_To do_
Print the lines exactly. Start at the first line of the material below, end with the line that contains "#CCGS-HSHC-PAL 8 oz", and skip all pictures.

** Information provided follows **

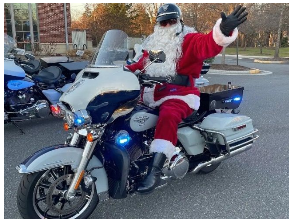
(This is not me)

Having said all that, I wish for you the best of the holiday season and a prosperous New Year. I am grateful for my 32 years as a Blue Knight, and the opportunity to serve as a Director, Safety Officer and Newsletter Editor for our Chapter.
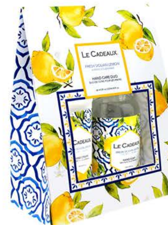
#CCGS-HSHC-PAL 8 oz liquid hand wash and 2 oz hand cream in decorative gift bag
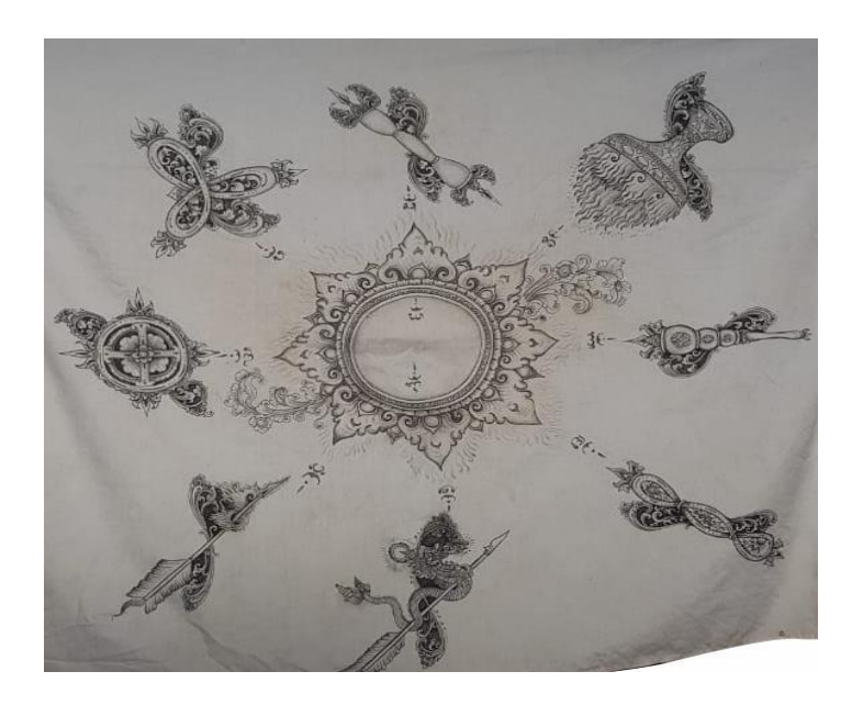
Figure 1. Sidakarya Mask. Figure 2. Kereb is a headdress, an additional property used in performing Sidakarya Mask, as a chest cover, and depicting the weapons of The "Dewata Nawa Sangga" which refers to the nine deities worshipped in Balinese Hinduism.

** End of Information provided **

_Exercise solution_
(This is not me)

Having said all that, I wish for you the best of the holiday season and a prosperous New Year. I am grateful for my 32 years as a Blue Knight, and the opportunity to serve as a Director, Safety Officer and Newsletter Editor for our Chapter.
#CCGS-HSHC-PAL 8 oz liquid hand wash and 2 oz hand cream in decorative gift bag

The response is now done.